Microsoft

Dead Space’s Isaac Clarke once had to drill into his own eyeball in order to survive a ship infested with mutated freaks. Altaïr Ibn-La’Ahad of Assassin’s Creed fame was made to part with a portion of one of his fingers in order to join the Levantine Brotherhood of Assassins. Tomb Raider’s Lara Croft once had the misfortune of falling onto a piece of sharpened rebar that pierced her midsection — and all she was trying to do was go for a nice little exploratory boat ride. And that’s not even mentioning the myriad scores of locust soldiers that have found themselves on the wrong end of Marcus Fenix’s trusty chainsaw or colossal boots over the years.

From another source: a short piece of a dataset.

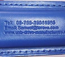 皮制的質(zhì)感非常出眾,紅色、藍(lán)色、綠色、咖啡色、黑色等多色可選,皮料四周由一圈密實的尼龍線縫制,每一個針腳縫線做工都非常精致。Logo采用壓印設(shè)計,凹凸感的文字清晰美觀和U盤渾然一體成為貴公司宣傳的好幫手。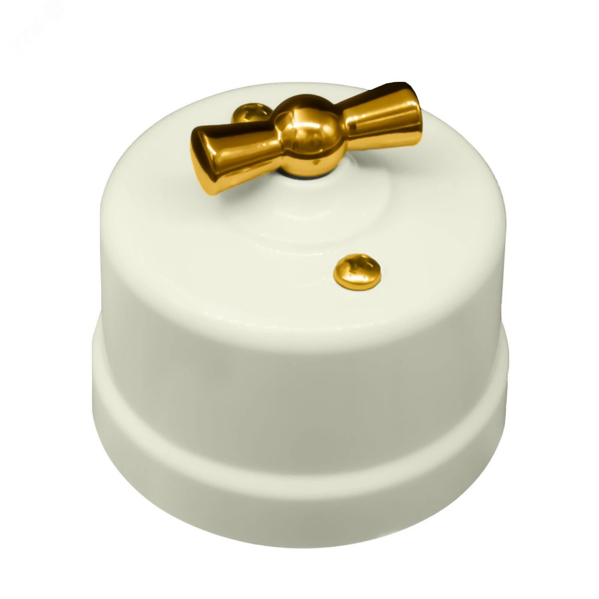 Полное описание: Выключатель Лизетта 1-кл., проходной, пластик, цвет Слоновая кость, Золото

You don’t hear any of them complaining about having to endure those, shall we way, slightly disagreeable circumstances, though, do you? That’s because those mere flesh wounds were nothing when compared to the great tragedy of our time: working with a certain platform holder to release your independent studio’s game on Xbox Live Arcade. I shudder at the very thought.

If you’ve followed Xbox Live Arcade over the past several years here and on other sites, then you already know of what I speak. There lives in Redmond, Washington a great beast, massive in size with glowing red-ringed eyes of fury. It is a devious creature hellbent on tricking those smaller than it into believing they’re partners, only to turn on them in their hour of need, stomping down on their hopes and dreams harder than Fenix has brought down his boots on so many locust heads. Such disdain does this gluttonous monstrosity have for the smaller creatures roaming the forest of the game industry, that it is more than happy to sacrifice its own interests if it means snuffing out the light of those cowering under its great shadow.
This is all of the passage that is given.